Sein Opfer schwebte mit schwersten Verbrennungen wochenlang in Lebensgefahr. Gut 60 Prozent seiner Haut waren zerstört, auch Teile seiner Ohren büßte der 53 Jahre alte Mann ein. Wegen versuchten Mordes verurteilte das Landgericht Neubrandenburg den 37-jährigen Täter am Montag zu zehn Jahren Haft und wies ihn zugleich in eine Alkoholentziehungsanstalt ein.

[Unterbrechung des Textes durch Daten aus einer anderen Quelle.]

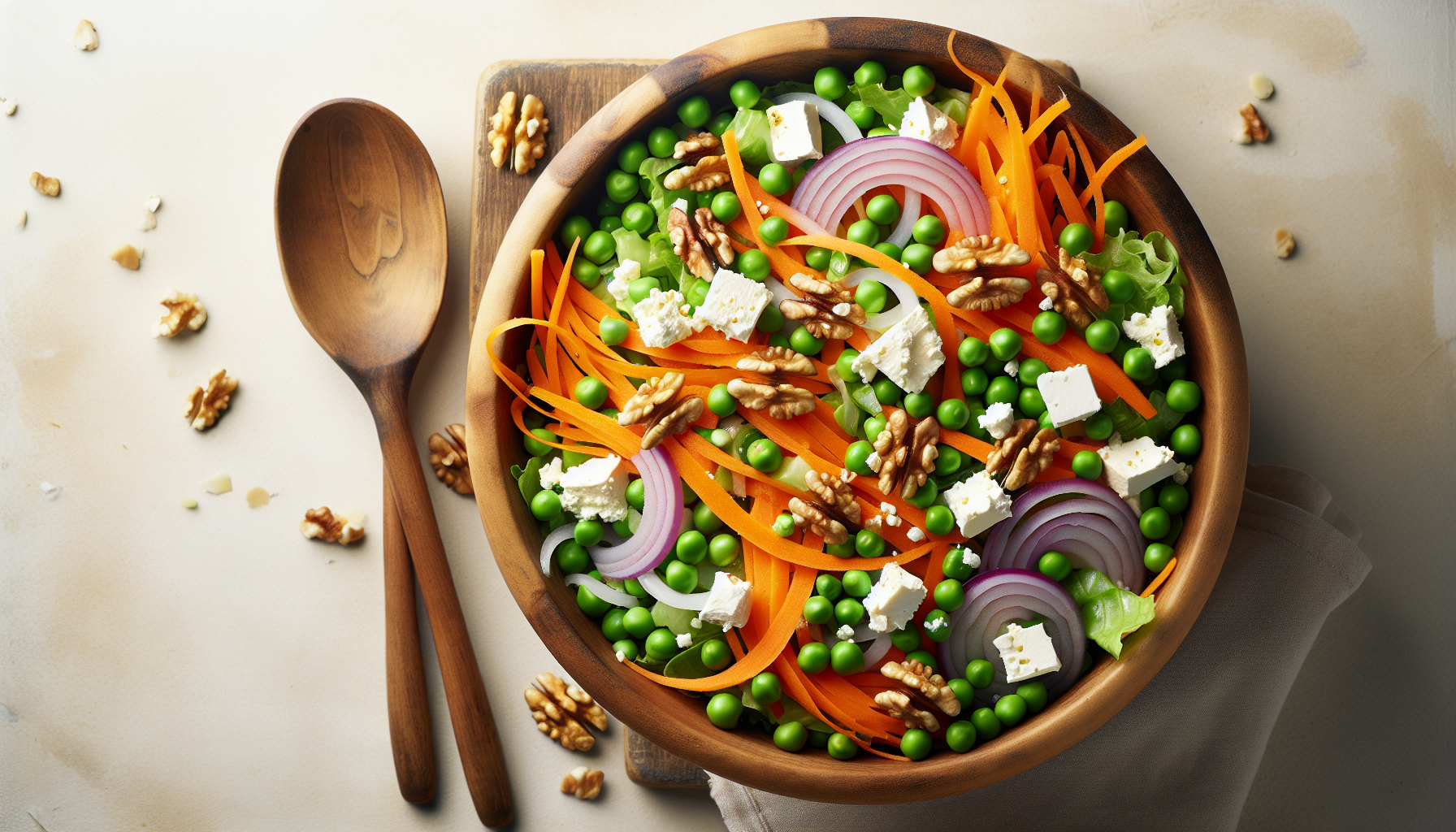 Odată ce mazărea este pregătită, scurgeți-o bine și lăsați-o să se răcească. Într-un bol mare de salată, combinați mazărea cu ceapa roșie tăiată fin și morcovii rași. Adăugați, dacă doriți, brânza feta și nucile tocate, amestecând ușor pentru a nu sfărâma ingredientele.

“Es war eine unmenschliche Tat“, sagte Richter Klaus Kabisch in der Urteilsbegründung. Die Kammer folgte genau dem Antrag der Staatsanwaltschaft. Der Verurteilte hatte die Tat bis zuletzt geleugnet. Sein Verteidiger forderte sogar Freispruch, weil die Polizei “tendenziös und einseitig ermittelt“ habe. “Die entscheidenden Beweismittel waren für uns die nach der Tat aufgezeichneten Telefongespräche des Verurteilten“, sagte Kabisch. Tatort war die eine Einzimmerwohnung in Neubrandenburg im vergangenen Sommer gewesen.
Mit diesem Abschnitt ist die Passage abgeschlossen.